Сердце Леонида Всеволодовича билось, и он готов был закрыть его плотно, обеими руками, так сильно, чтобы оно даже и не вздумало трепыхаться. Он не хотел ничего менять, потому что не хотел боли. Он помнил ещё, хоть и смутно, как это бывает, и не желал, чтобы что-либо или кто-либо становился причиной его страданий. И главное: во имя чего? Каких-то там категорий, пусть даже и очень высоких? Нет, пусть этим тешат себя неудачники.
– Какое мне дело до чужих – как ты там говоришь – страданий? Что мне с этих слабых безвольных людей?
– Слабых, говорите? – вскинул на него глаза его собеседник. – Да они, может, и посильнее вас будут.

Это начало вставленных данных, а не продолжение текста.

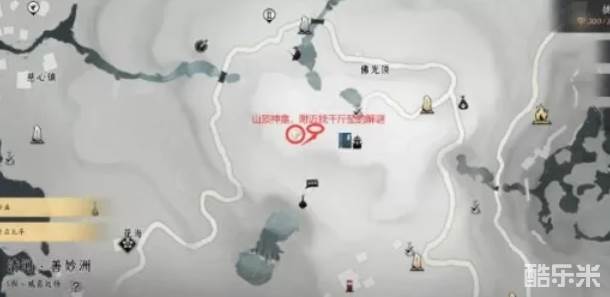 2、然后我们前往山顶神龛,在那附近找到千斤坠进行解谜,获得绣着祟字的奇怪钱袋;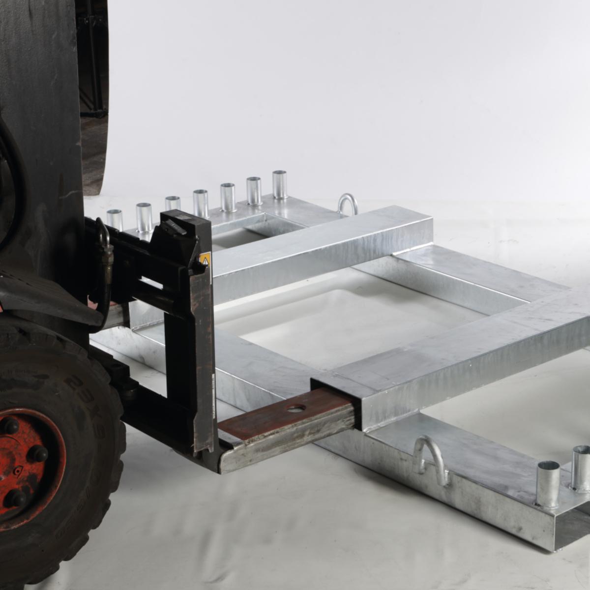Die Transporttraverse ermöglicht den sicheren und flexiblen Transport von Bauelementen wie Schrankenzäunen oder Fußplatten. Dank des zusätzlich mitgelieferten Aufsatzes ist sie sofort einsatzbereit und ideal für die Beförderung per Stapler geeignet.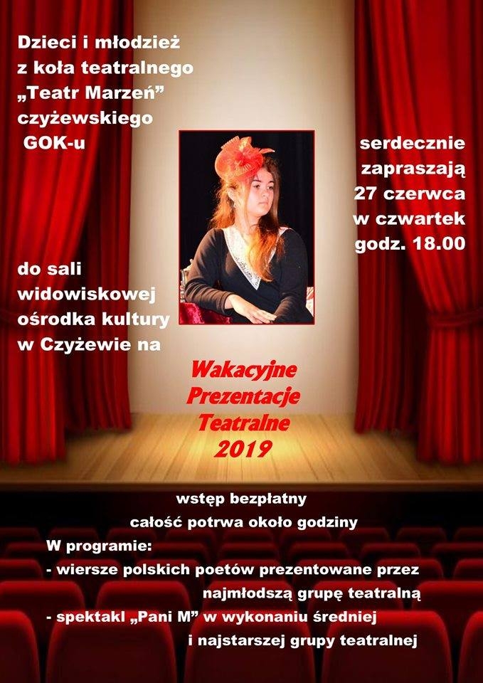 Dzieci i Młodzież z "Teatru Marzeń" czyżewskiego GOK-u zapraszają w czwartek (27.06)na godz. 18.00 do Gminnego Ośrodka Kultury w Czyżewie na "Wakacyjne Prezentacje Teatralne". Wstęp bezpłatny.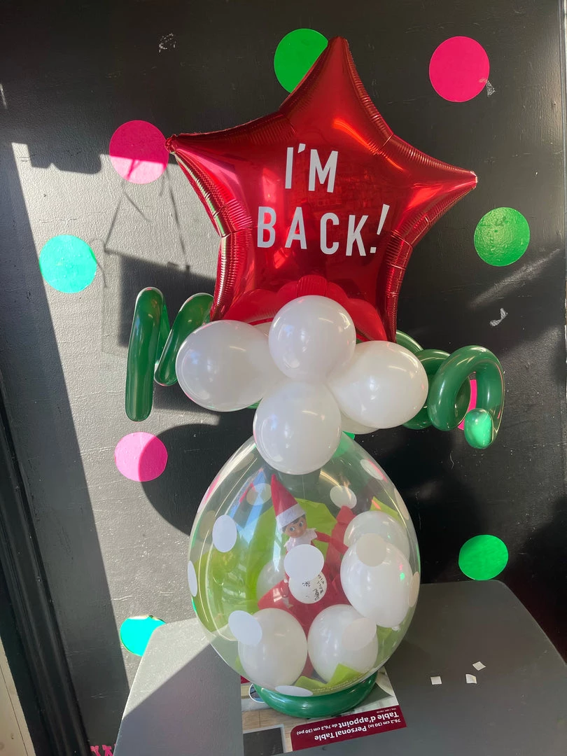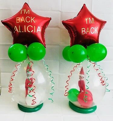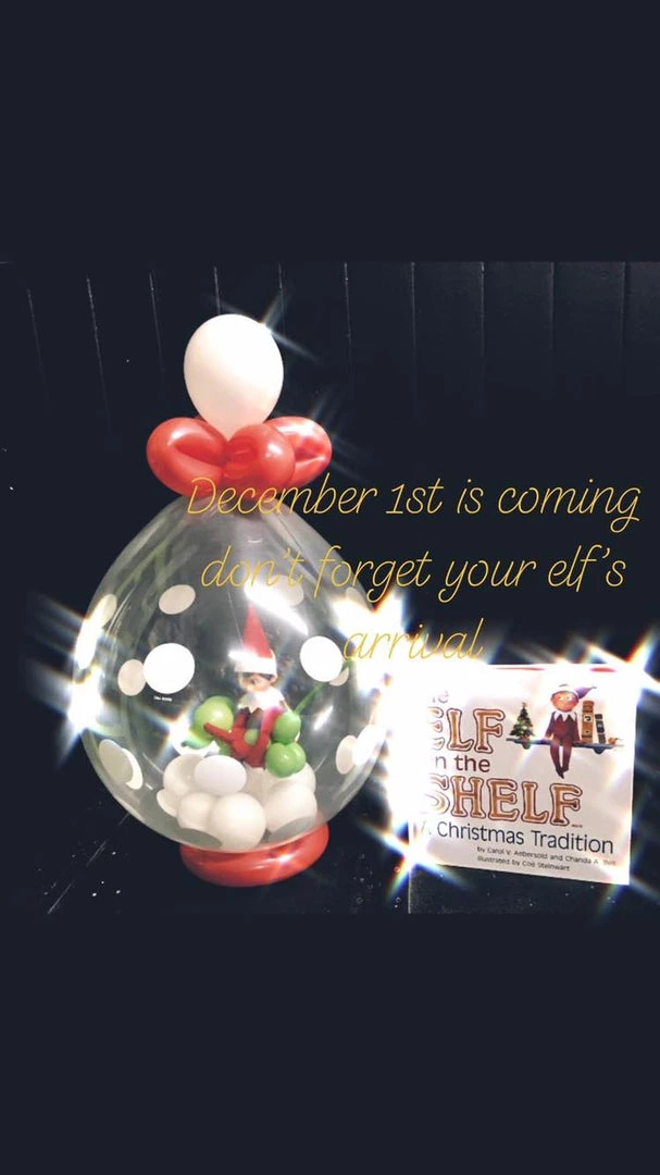 You bring us your elf… we will stuff it inside of a balloon including filler and some treats! as well as a custom balloon on the top!

Их-то Бог испытует. Они вам – это не вы, не знавший никогда вкуса беды. Скудный достаток и щедрое горе – сможете ли вы это понять когда-нибудь?
Леонид движением руки остановил старика и, оттачивая каждое слово, чётко проговорил:
– Я не расстроюсь, если вы сейчас встанете и уйдете.
Мужчина продолжал сидеть.
– Вы, кажется, не поняли: вам пора.
– Да, да... – старик засобирался было уйти, но только нервенно зашевелил непослушными руками, будто просил помощи встать со стула. Или, быть может, что-то хотел сказать...
Но...
Встал и неслышно пошёл к двери.
Перед самым выходом он вдруг обернулся и вздрогнул: в пяти метрах от него стояло чудовище. Глаза монстра были темны, как сумерки ада, губы узкой чертой рассекали изуродованное безумием лицо.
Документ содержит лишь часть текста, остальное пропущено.